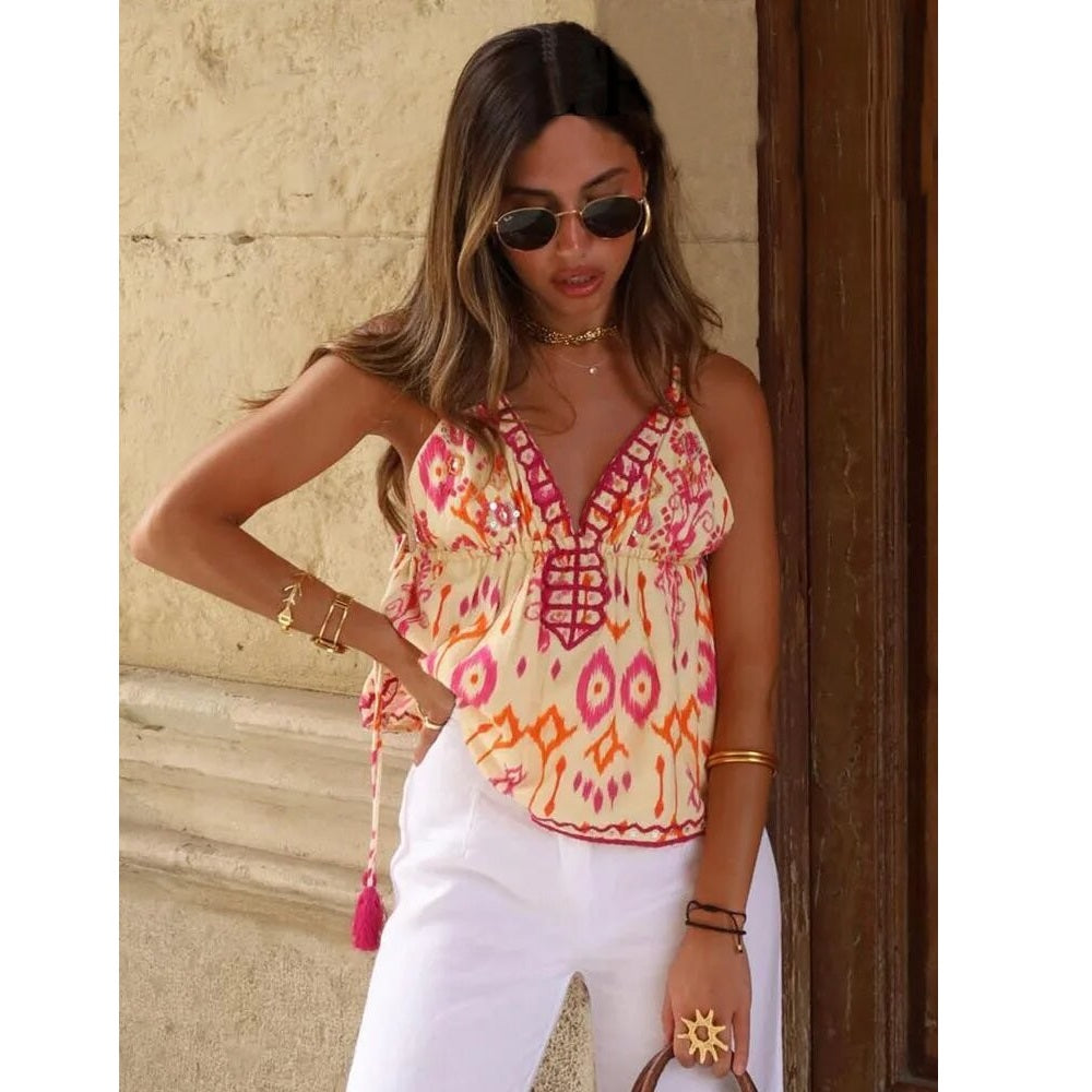 Louna | Bluse Chic Uden Ærmer – Afslappet Elegance Og Solrige Farver
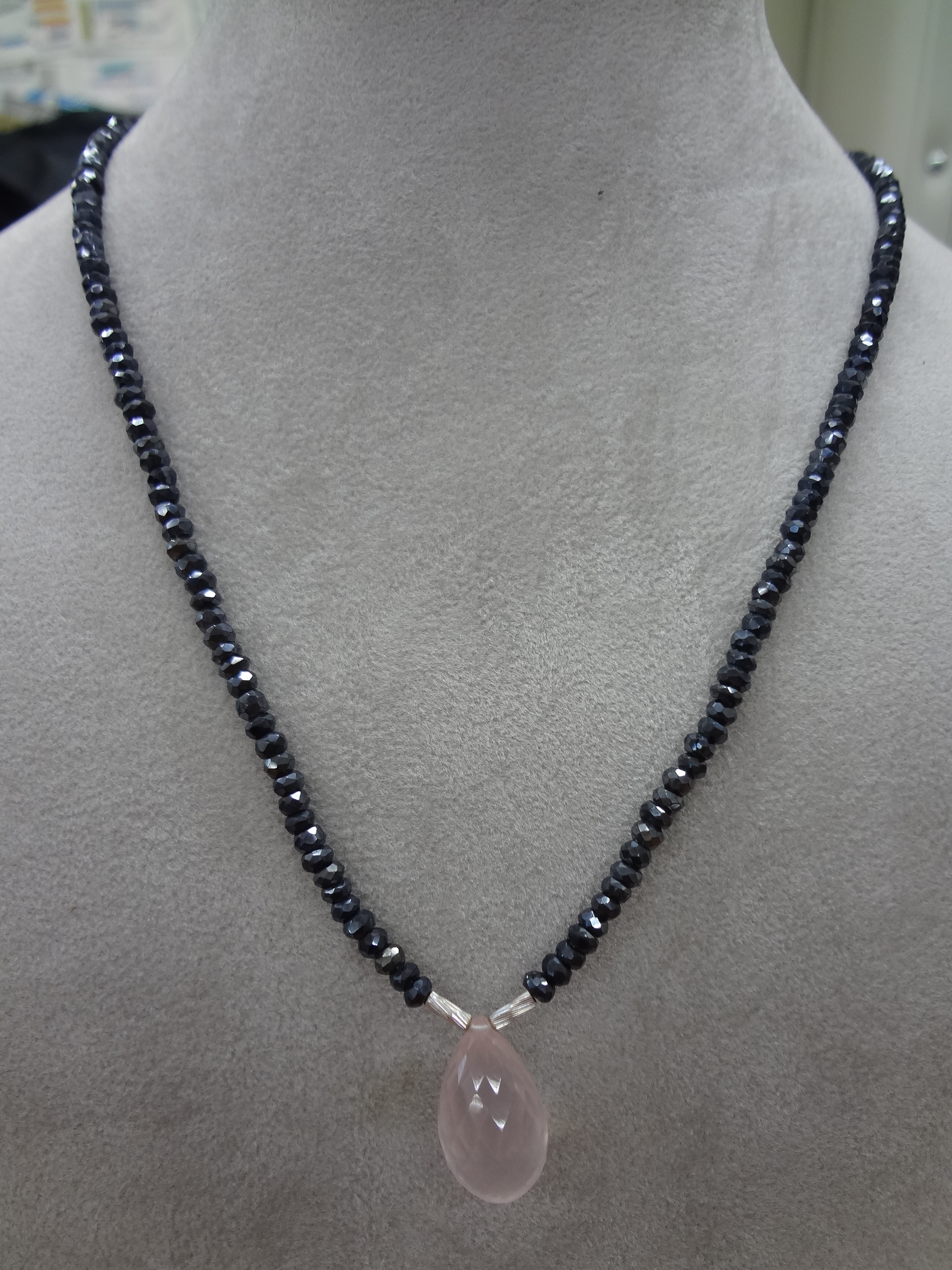 K18WG ローズクウォーツ スピネル ネックレス 42㎝
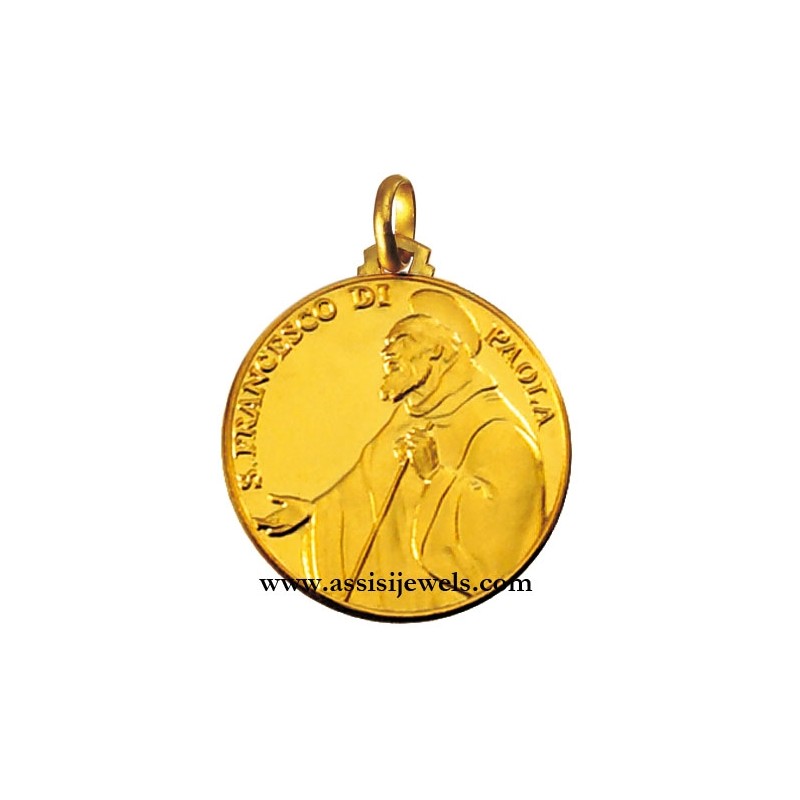 Medaglia di San Francesco di Paola in oro giallo 18 Kt (selezionare il diametro desiderato per conoscere il prezzo corrispondente)
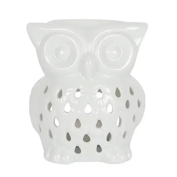 Charmante oliebrander met witte uil die er prachtig uitziet als er een aangestoken theelichtje in wordt geplaatst. Ontworpen door Something Different.
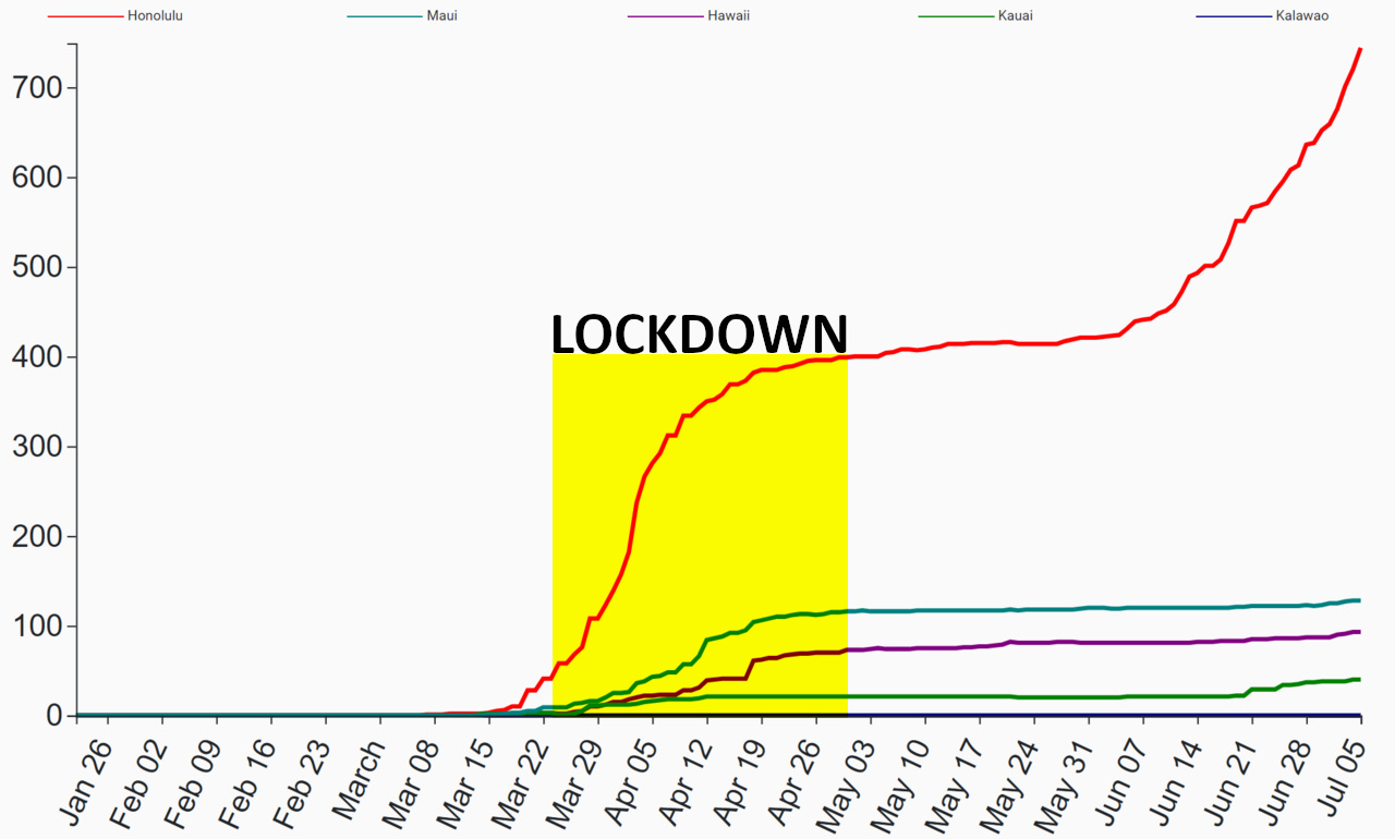 Maskless Mayor I’s lockdown failed by his own bogus metric of ‘cases’ which went way up in his domain (the red line below) during those five weeks. Note the lack of a rise of ‘cases’ in May after the end of the lockdown.
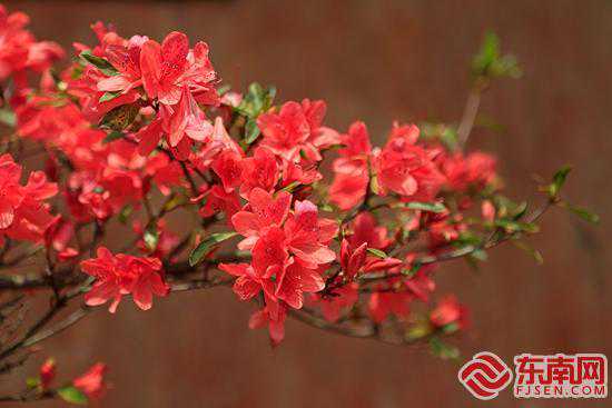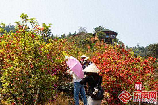 俏丽的杜鹃花盛开在新绿茶园里,趁着春日晴朗,也有不少游客前来踏青赏花。拾级而上,火红的杜鹃在微风中轻轻摇曳,置身其中,令人赏心悦目。
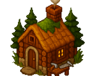 64×64 pixel art forest village sprites: houses, characters, NPCs & animals, cartoony semi-realistic style.
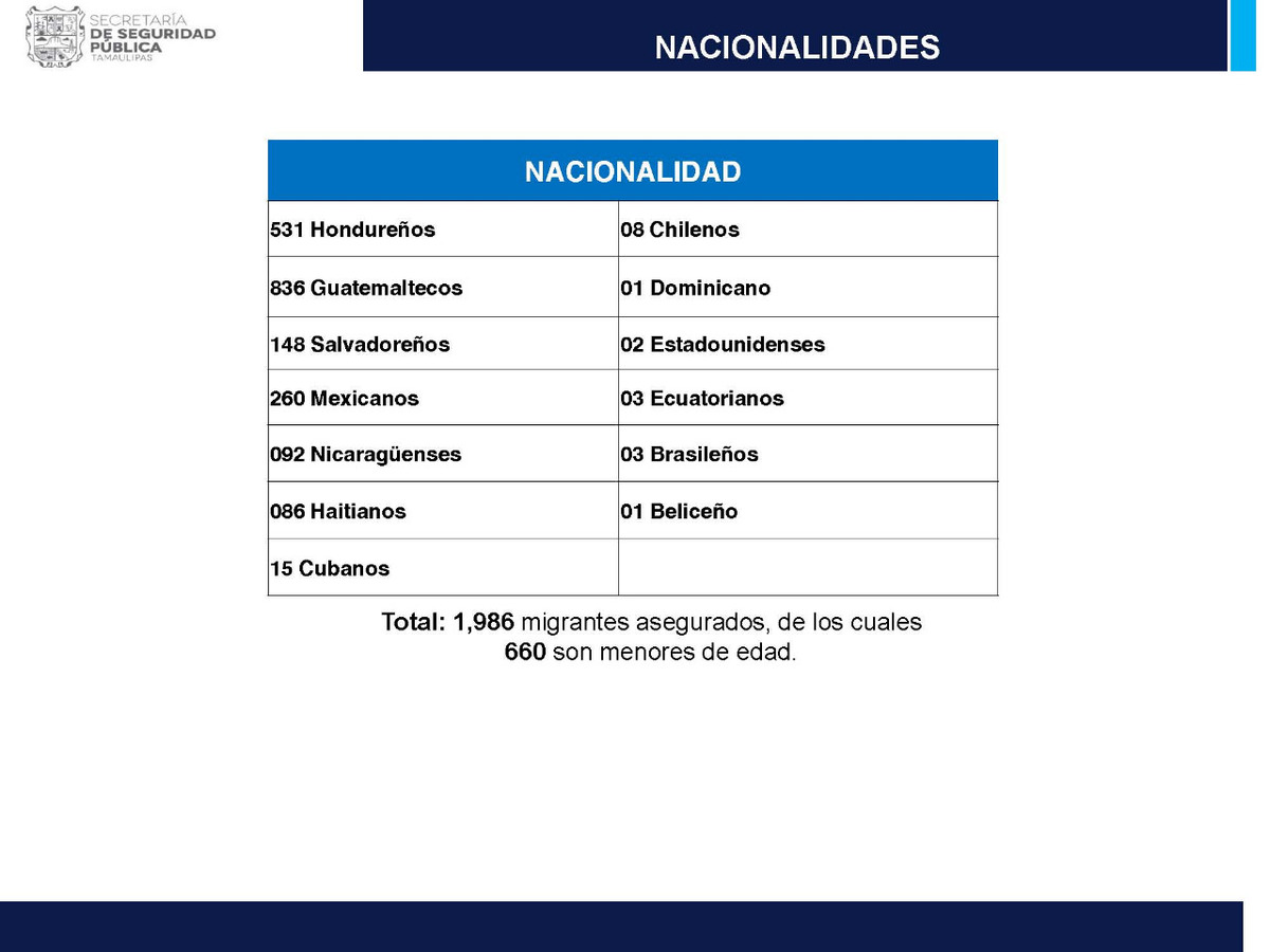 De los 1,986 migrantes que fueron rescatados o liberados por parte de la Secretaría de Seguridad Pública de Tamaulipas, 531 eran hondureños, 836 guatemaltecos, 148 salvadoreños, 260 mexicanos, 92 nicaragüenses, 86 aternos, 15 cubanos, 9 chilenos, un dominicano, dos estadounidenses, tres Ecuatorianos, 3 brasileños y uno era de Belice.
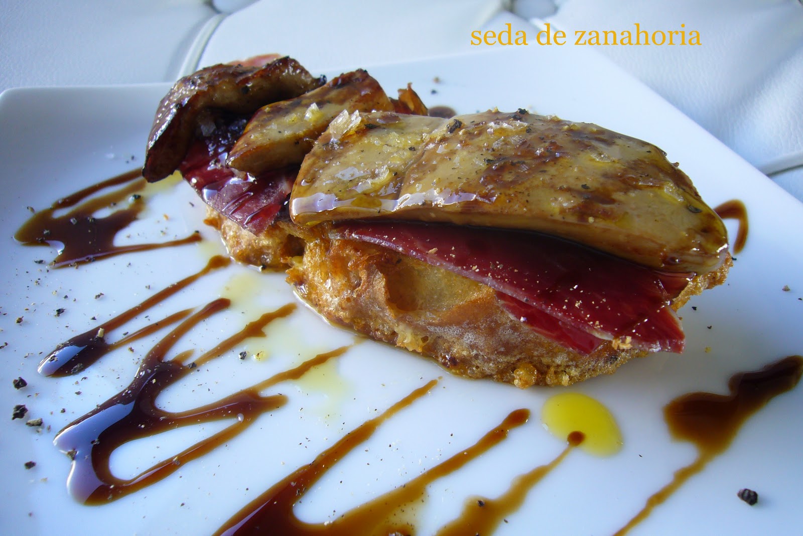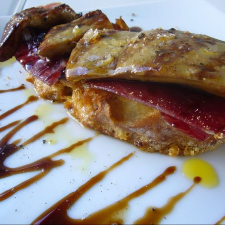 Foiie con Virutas de Jamón Serrano y unas gotas de salsa especial Pedro Ximenez
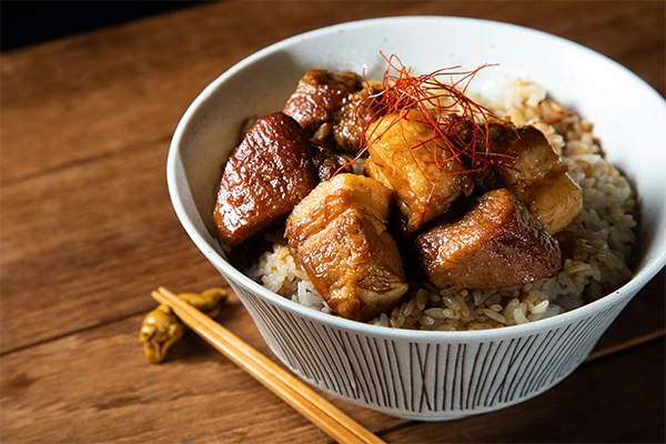 - 大きめにカットした豚肉がゴロゴロ入った食べ応え抜群のルーロー飯!甘辛ダレがご飯に絡み、満足感たっぷりの一杯です。
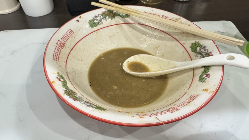 ▲スープはどろっどろで粘土高め。煮干の旨味が強くてめちゃ旨。
------------------------
WHAT THE TASK ASKS.
Starting at the line above that has "K18WG ローズクウォーツ スピネル ネックレス 42㎝" and ending at the line that has "64×64 pixel art", copy each line exactly, leaving the pictures out and adding nothing.

RESPONSE AREA.
 K18WG ローズクウォーツ スピネル ネックレス 42㎝
 Medaglia di San Francesco di Paola in oro giallo 18 Kt (selezionare il diametro desiderato per conoscere il prezzo corrispondente)
 Charmante oliebrander met witte uil die er prachtig uitziet als er een aangestoken theelichtje in wordt geplaatst. Ontworpen door Something Different.
 Maskless Mayor I’s lockdown failed by his own bogus metric of ‘cases’ which went way up in his domain (the red line below) during those five weeks. Note the lack of a rise of ‘cases’ in May after the end of the lockdown.
 俏丽的杜鹃花盛开在新绿茶园里,趁着春日晴朗,也有不少游客前来踏青赏花。拾级而上,火红的杜鹃在微风中轻轻摇曳,置身其中,令人赏心悦目。
 64×64 pixel art forest village sprites: houses, characters, NPCs & animals, cartoony semi-realistic style.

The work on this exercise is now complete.